Los reportajes de su respetado corresponsal Walter Duranty escondieron los peores momentos del «Holodomor», aquella política del dictador comunista que mató a millones de personas. «Cualquier informe de hambruna en Rusia es una exageración. No hay hambre o muertes por inanicion», aseguraba.

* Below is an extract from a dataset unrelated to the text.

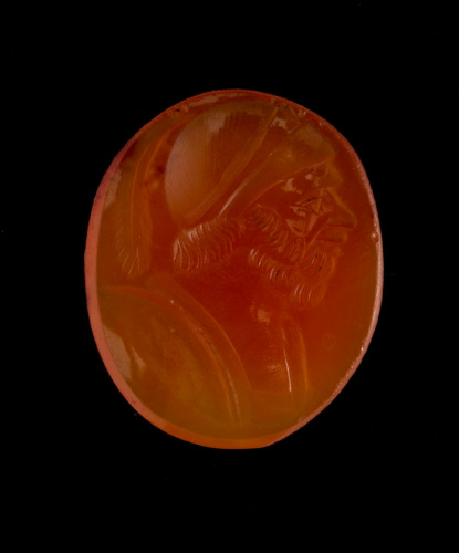Corniola rossa scura di forma ovale piana/piana con inciso busto di guerriero barbato di profilo a destra, con armatura ed elmo. Da notare l'elmo, a calotta liscia, con piuma che scende all'indietro fino alla spalla. Il profilo è segnato dalla fronte prominente, dal naso allungato e dalla bocca (visibile al di sopra della barba e resa tramite due brevi tratti paralleli). La barba è rappresentata da due file di riccioli.

En junio de 2017, « The New York Times» publicó un editorial en el que defendía el referéndum de Cataluña y solicitaba al Gobierno español que permitiera la consulta. Ese mismo año también se posicionó a favor del gesto de ETA cuando anunció su desarme pactado, asegurando en otros editoriales posteriores que la posición del presidente Mariano Rajoy respecto a los crímenes de la banda terrorista reflejaba el miedo que tenía a que la situación política se tornara igual que la catalana. La mayor polémica del diario neoyorquino se produjo en 2012, cuando causó un gran revuelo en España a causa de un reportaje sobre el hambre, el paro y la precariedad del país. El rotativo no se cortó a la hora de utilizar una imagen que no se correspondía con la realidad general, en la que se podía ver a una persona rebuscando en un contenedor, Le dedicaba varios párrafos a ella y, también, a las necesidades de acudir a la basura en busca de comida.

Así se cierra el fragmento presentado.